* _Supplied entries_:
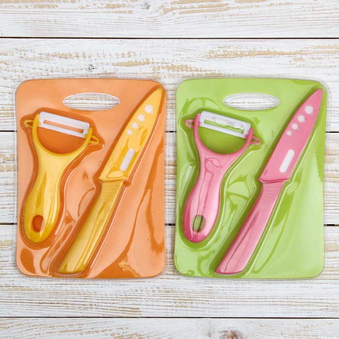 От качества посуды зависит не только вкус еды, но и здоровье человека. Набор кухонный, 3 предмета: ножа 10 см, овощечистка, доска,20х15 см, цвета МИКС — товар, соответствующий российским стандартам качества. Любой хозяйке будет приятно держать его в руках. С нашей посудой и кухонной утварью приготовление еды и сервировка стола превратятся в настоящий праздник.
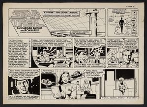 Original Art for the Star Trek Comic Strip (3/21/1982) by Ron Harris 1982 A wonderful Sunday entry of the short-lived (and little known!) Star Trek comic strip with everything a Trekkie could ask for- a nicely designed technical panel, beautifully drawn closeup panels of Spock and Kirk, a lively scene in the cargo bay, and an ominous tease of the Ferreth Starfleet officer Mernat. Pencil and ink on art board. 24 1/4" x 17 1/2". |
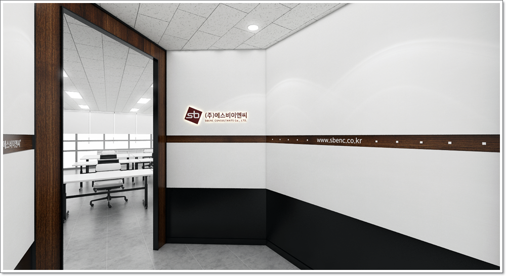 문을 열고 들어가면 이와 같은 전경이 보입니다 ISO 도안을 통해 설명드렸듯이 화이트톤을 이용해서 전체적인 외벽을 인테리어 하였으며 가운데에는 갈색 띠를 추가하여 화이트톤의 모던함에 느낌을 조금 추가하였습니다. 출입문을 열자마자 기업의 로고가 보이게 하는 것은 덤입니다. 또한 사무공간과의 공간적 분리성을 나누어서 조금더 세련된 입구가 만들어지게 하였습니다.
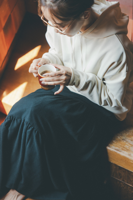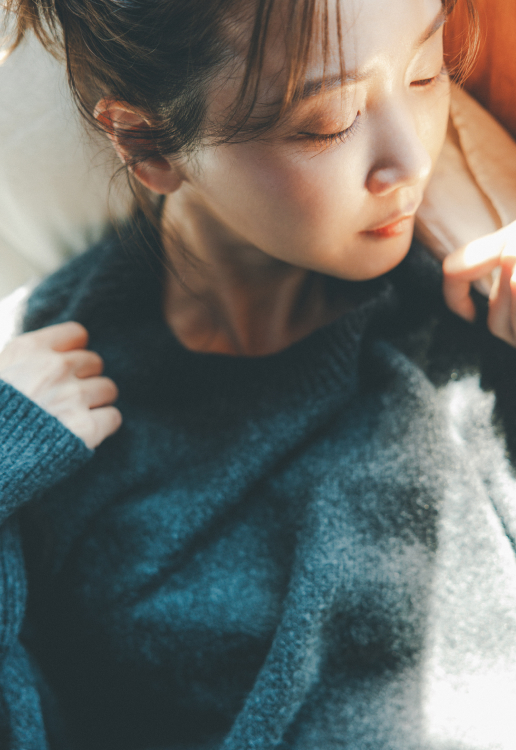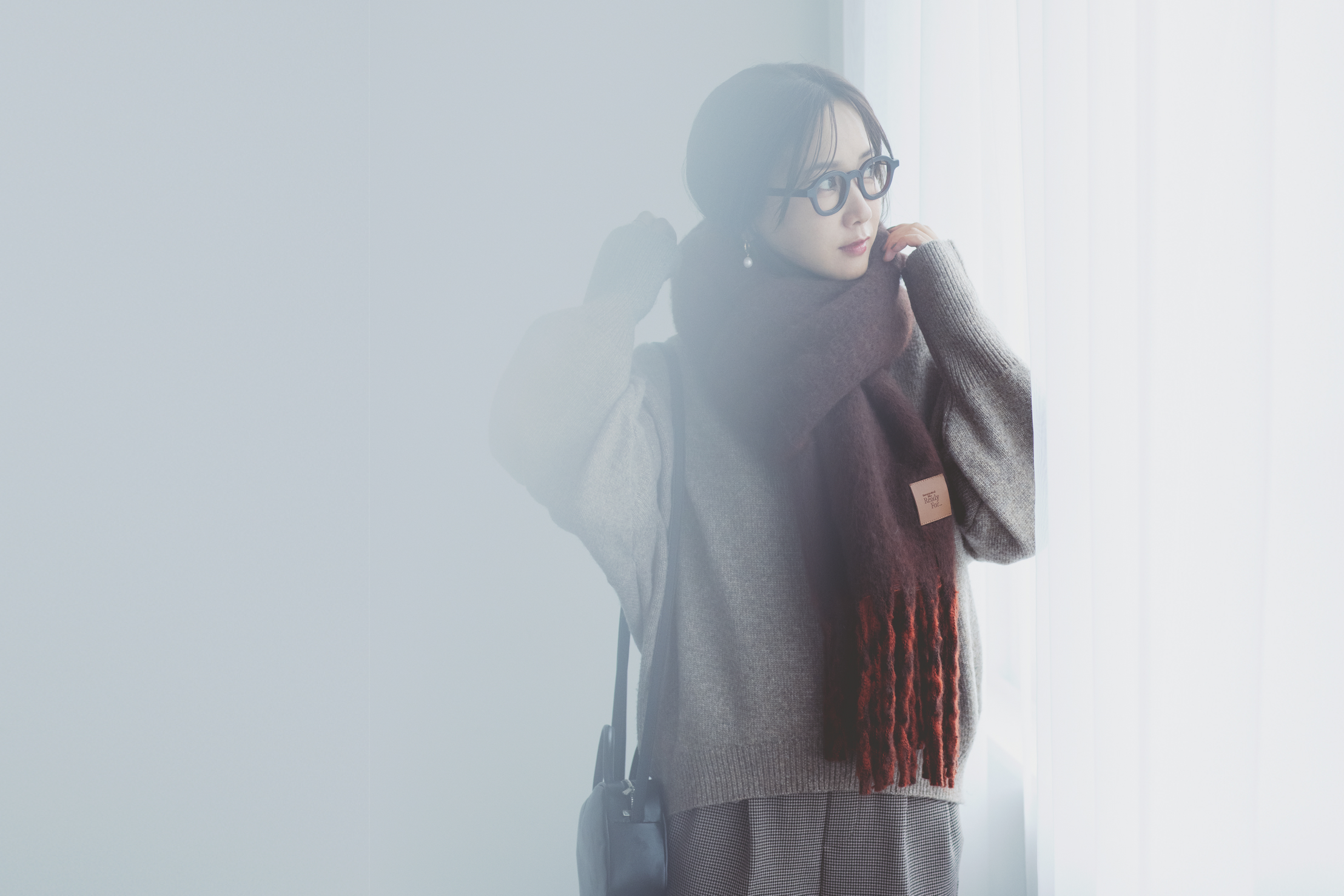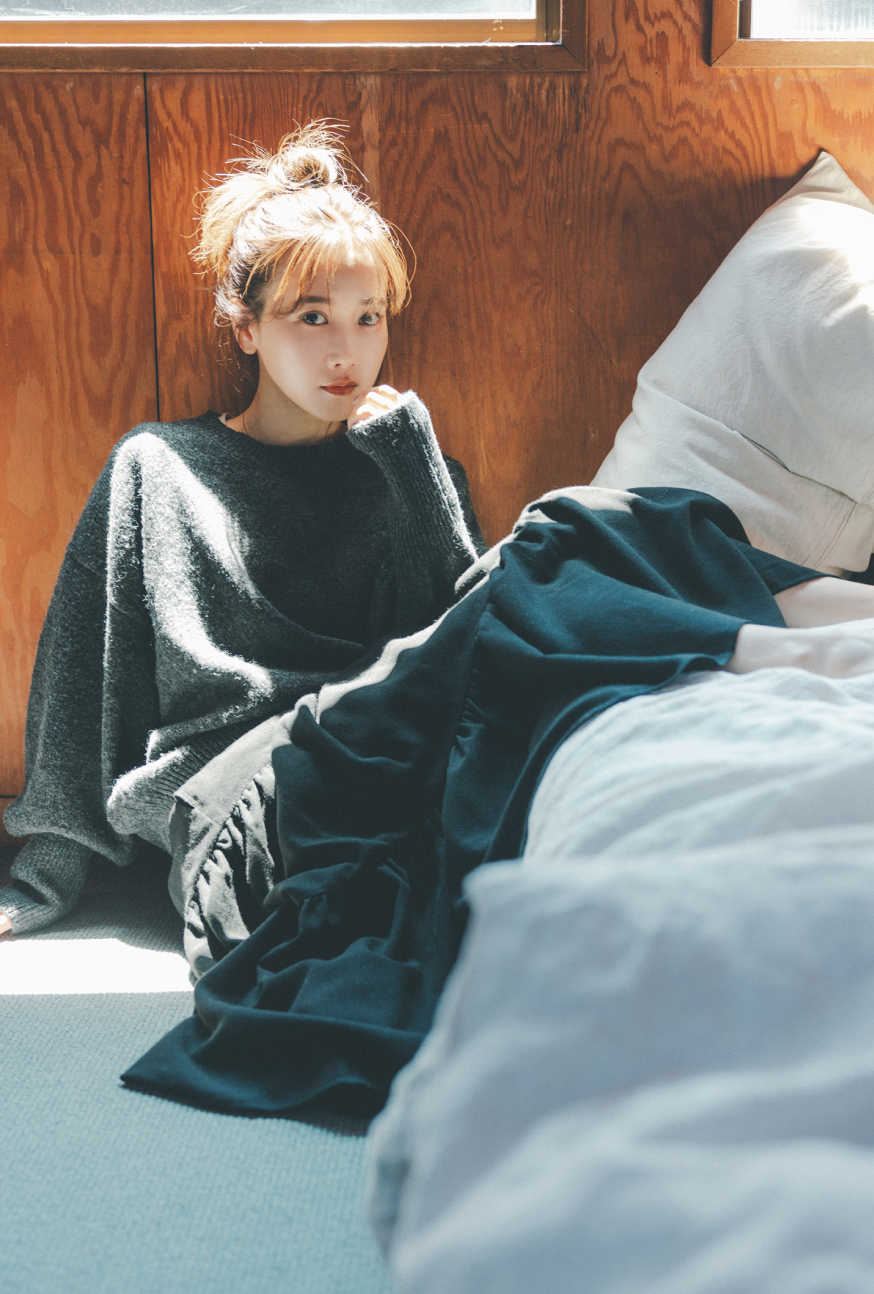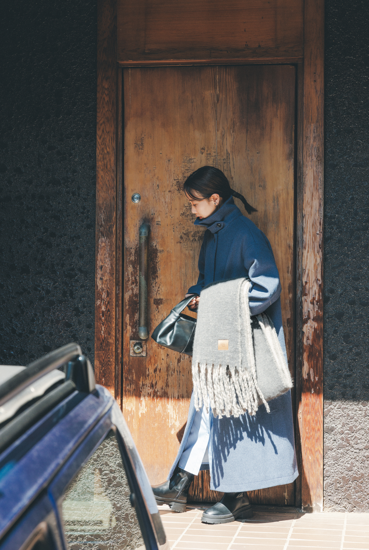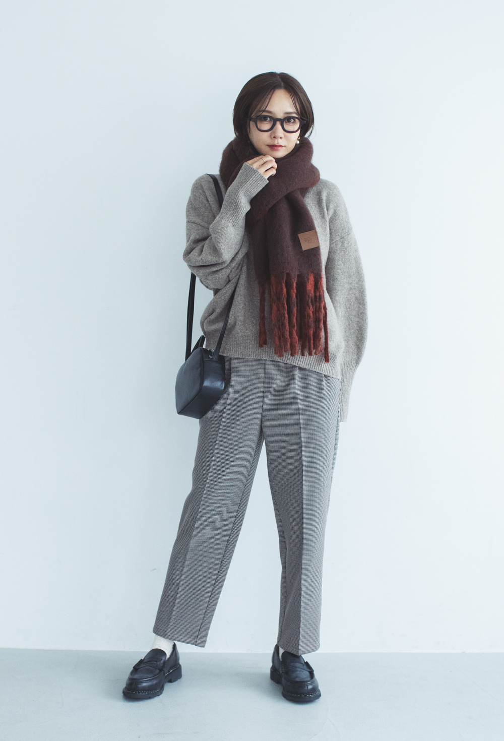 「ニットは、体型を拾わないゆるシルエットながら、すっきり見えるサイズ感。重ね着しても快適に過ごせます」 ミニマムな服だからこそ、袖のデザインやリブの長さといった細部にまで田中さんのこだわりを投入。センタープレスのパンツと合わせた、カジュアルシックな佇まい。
...
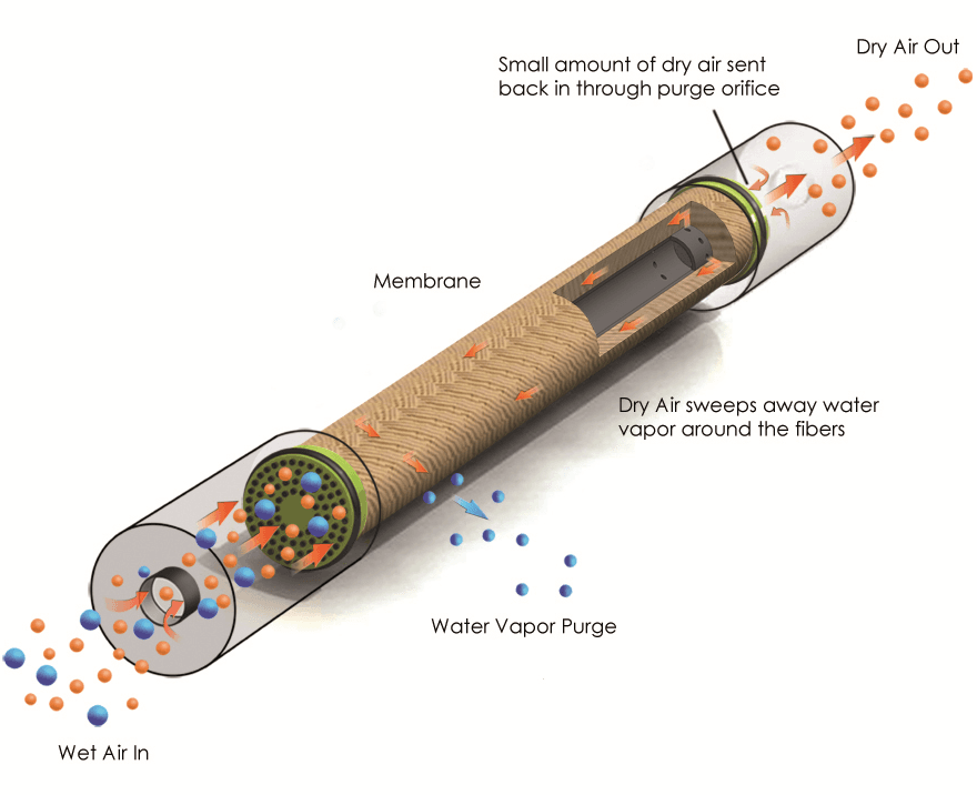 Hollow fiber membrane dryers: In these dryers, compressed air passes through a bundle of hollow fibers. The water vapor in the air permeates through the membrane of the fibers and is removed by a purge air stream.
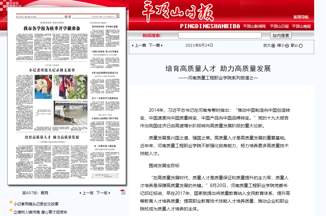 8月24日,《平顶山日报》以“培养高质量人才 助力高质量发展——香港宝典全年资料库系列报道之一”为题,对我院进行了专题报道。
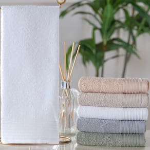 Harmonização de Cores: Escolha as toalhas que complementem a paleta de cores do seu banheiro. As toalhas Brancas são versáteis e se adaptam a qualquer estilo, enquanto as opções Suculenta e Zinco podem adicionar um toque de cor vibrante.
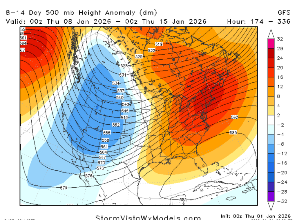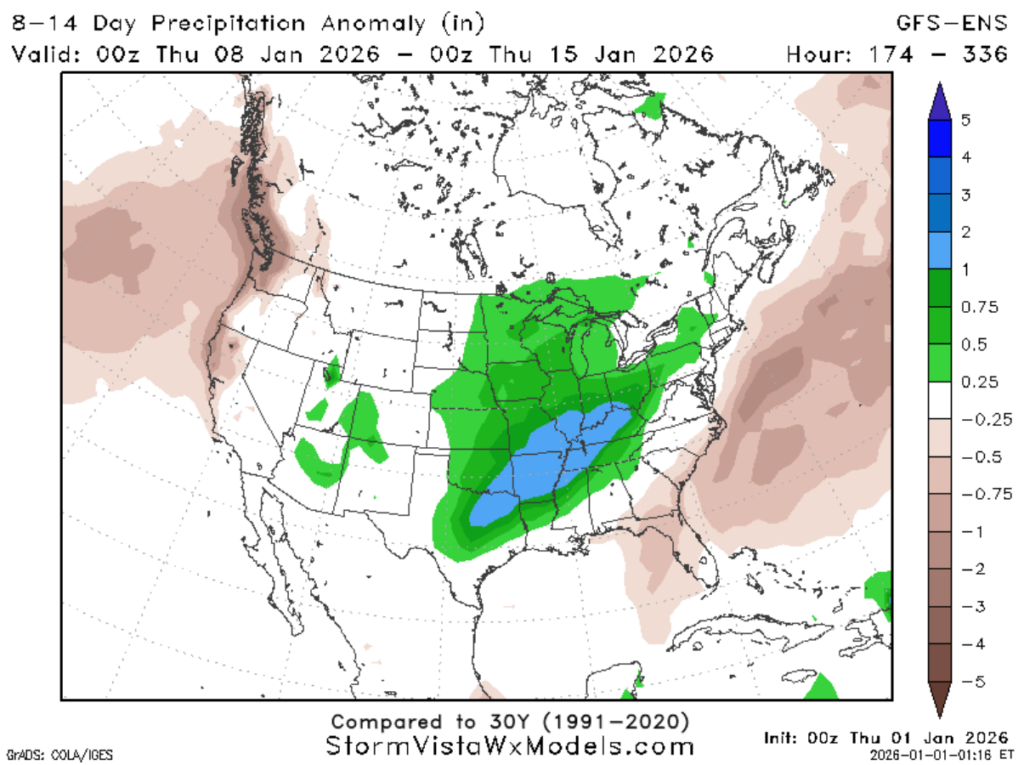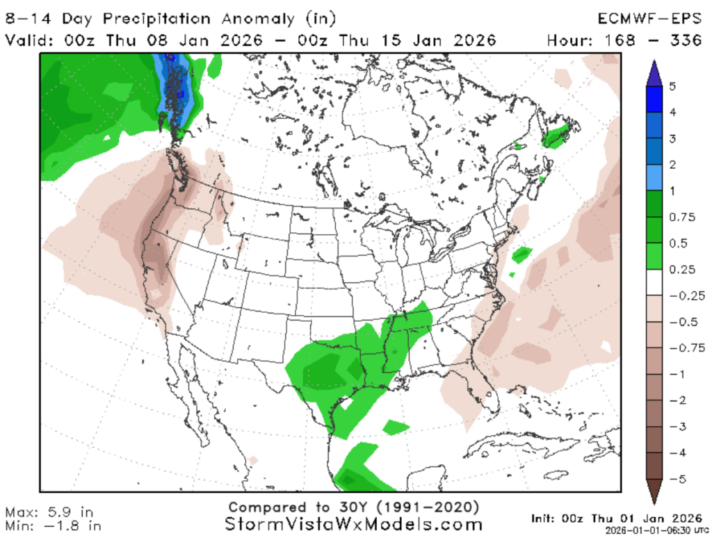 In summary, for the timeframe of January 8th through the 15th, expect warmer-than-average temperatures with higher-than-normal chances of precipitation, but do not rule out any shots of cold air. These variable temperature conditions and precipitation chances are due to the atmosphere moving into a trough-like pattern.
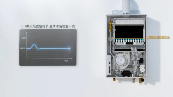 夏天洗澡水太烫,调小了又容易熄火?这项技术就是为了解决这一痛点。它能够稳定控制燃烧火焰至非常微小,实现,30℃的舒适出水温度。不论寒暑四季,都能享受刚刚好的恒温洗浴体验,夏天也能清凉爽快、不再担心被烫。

* _Task brief_: Repeat only the stretch of data above that runs from the line with "От качества посуды" to the line with "Original Art for". Keep both end lines; exclude pictures.

* _Task answer_:
 От качества посуды зависит не только вкус еды, но и здоровье человека. Набор кухонный, 3 предмета: ножа 10 см, овощечистка, доска,20х15 см, цвета МИКС — товар, соответствующий российским стандартам качества. Любой хозяйке будет приятно держать его в руках. С нашей посудой и кухонной утварью приготовление еды и сервировка стола превратятся в настоящий праздник.
 Original Art for the Star Trek Comic Strip (3/21/1982) by Ron Harris 1982 A wonderful Sunday entry of the short-lived (and little known!) Star Trek comic strip with everything a Trekkie could ask for- a nicely designed technical panel, beautifully drawn closeup panels of Spock and Kirk, a lively scene in the cargo bay, and an ominous tease of the Ferreth Starfleet officer Mernat. Pencil and ink on art board. 24 1/4" x 17 1/2". |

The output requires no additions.